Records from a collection
________________

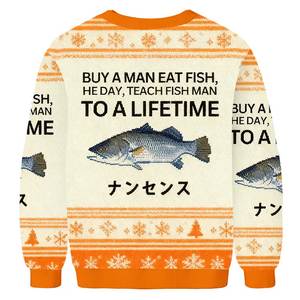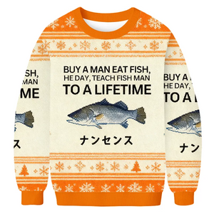 Funny Buy A Man Eat Fish Orange Ugly Sweater, Funny Christmas Ugly Sweatshirt, Xmas Ugly Sweater
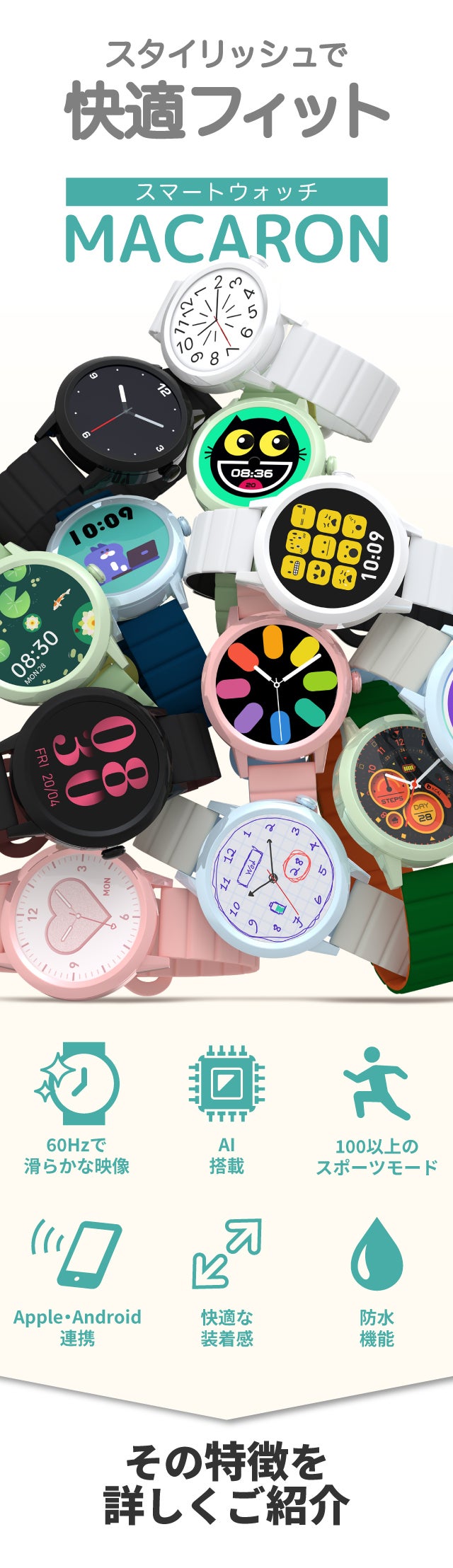 A.はい。KAVVOのスマートウォッチには、スタイルや好みに合わせてさまざまなデザイン、色、独自の写真アルバムで文字盤をカスタマイズするための何百もの選択肢が用意されています。
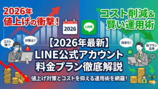 Lステップ 【2026年最新】LINE公式アカウントの料金プラン徹底解説|値上げ対策とコストを抑える運用術 この記事は、「LINE公式アカウントは高いのでは?」「2026年秋の料金改定で、うちの負担は増えるのか?」と不安を感じている経営者・店舗オーナー向けに、料金の全体像と『今すぐできる対策』を整理した実務記事です。 2026.03.02 Lステップ
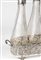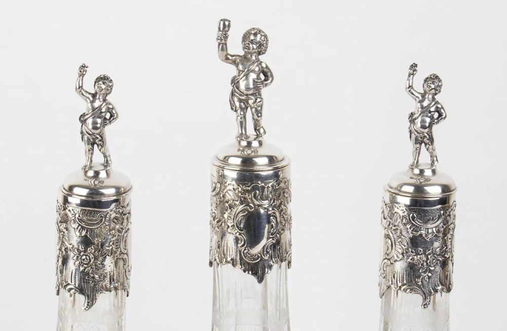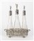 decanter tripartito, composto da tre bottiglie uguali in vetro inciso, su basamento in argento traforato e decorato con motivi rocaille poggiante su quattro piedini fogliati.
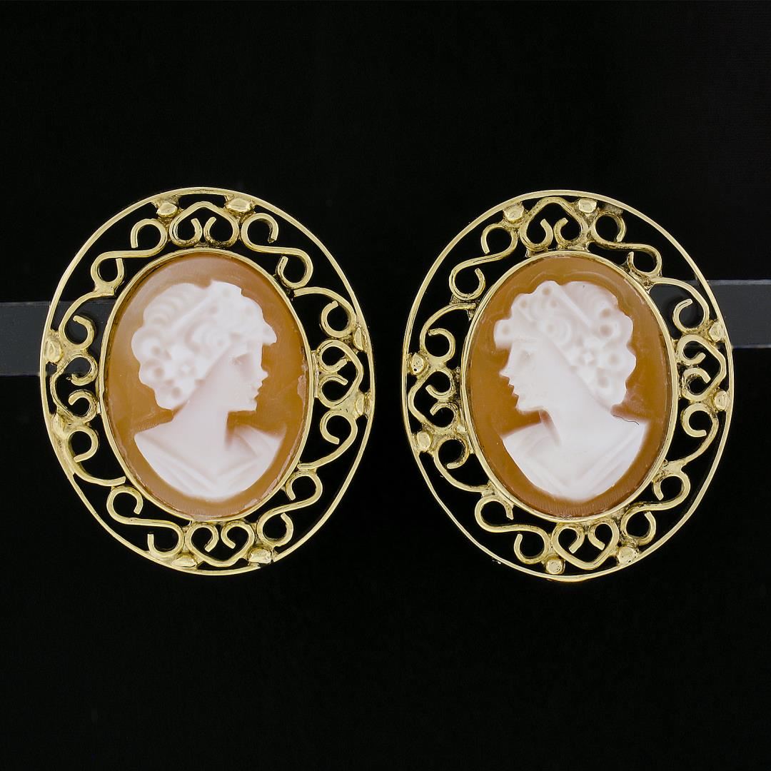 A vintage solid 14k yellow gold stud earrings, with 2 oval carved cameo shell. The earrings measure approximately 24.4x21mm and weigh a total of 8.25 grams.
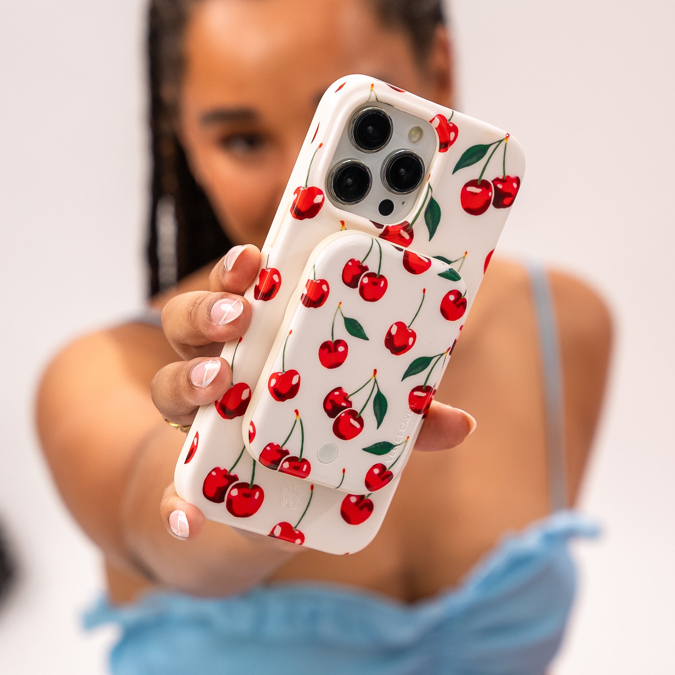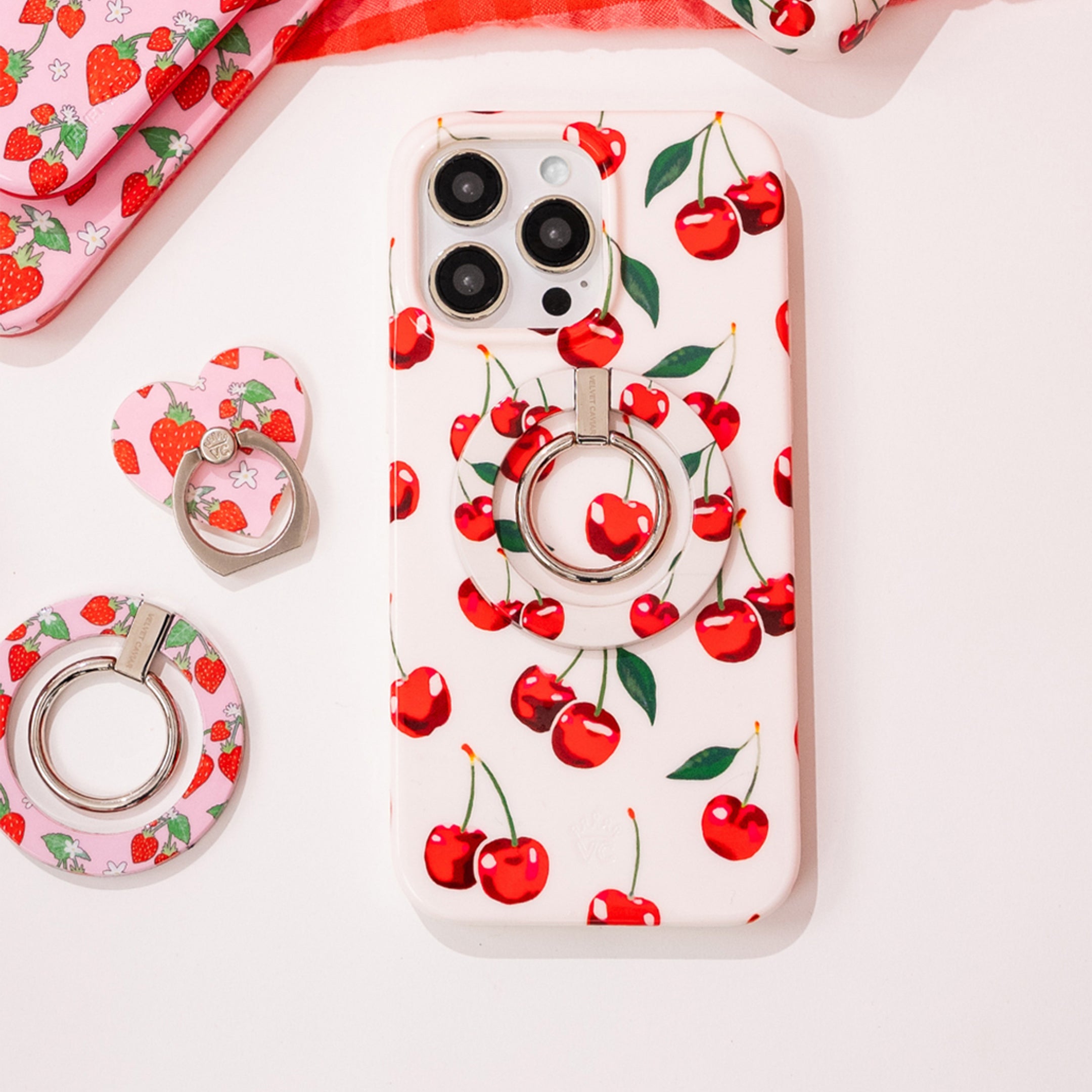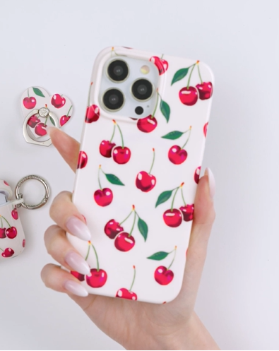 Oui Mon Cheri! This protective case features an array of bright red cherries on a glossy off white base.

________________

| PROBLEM TO WORK ON |
Begin at the first line of the entries and stop after the line holding "A.はい。KAVVOのスマー"; repeat those lines exactly, but not the pictures.

| TASK OUTPUT |
 Funny Buy A Man Eat Fish Orange Ugly Sweater, Funny Christmas Ugly Sweatshirt, Xmas Ugly Sweater
 A.はい。KAVVOのスマートウォッチには、スタイルや好みに合わせてさまざまなデザイン、色、独自の写真アルバムで文字盤をカスタマイズするための何百もの選択肢が用意されています。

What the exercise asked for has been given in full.